Suara ku terpotong oleh ucapan pria itu, aku kenal suaranya, dia adalah supirnya Tea, si supir sialan itu.


Tapi, apa katanya? Tea disakiti? Dalam bahaya? Siapa yang berani menyentuh putri rata ku?


Tidak ada jeda, seluruh tubuh ku panas dan bergetar, kepala ku sudah penuh akan emosi yang memuncah.


"Ikut aku."


-


-


Aku akhirnya sampai di rumah keluarga Floyena, perasaan sesak ini sangat mengganggu ku, bayangan putri rata terluka terus menghantui ku, rasanya aku bisa gila.


Aku mendobrak paksa pintu itu. Dan yang pertama kali kulihat adalah badan putri rata yang kedua tangannya di kunci, wajahnya penuh ketakutan, dia sangat khawatir.


Bajingan mana yang berani membuatnya seperti itu.

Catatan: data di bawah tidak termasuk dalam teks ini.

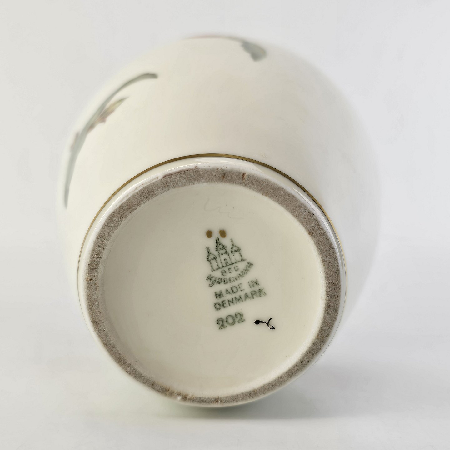 Kaktus er cremefarvet porcelæn i skælform, dekoreret med kaktusblomster og guldkant

Semakin aku berjalan mendekatinya, semakin aku sadar akan satu hal.


Ah, sepertinya aku tidak akan pernah melepaskannya.


...***...


...Asher : Hey author! Kenapa episode ini banyak adegan yang terpotong!! Aku kan masih ingin menjelaskan perasaan saat bersentuhan dengan putri rata! Kulitnya yang lembut di setiap incinya sangat menggoda da--...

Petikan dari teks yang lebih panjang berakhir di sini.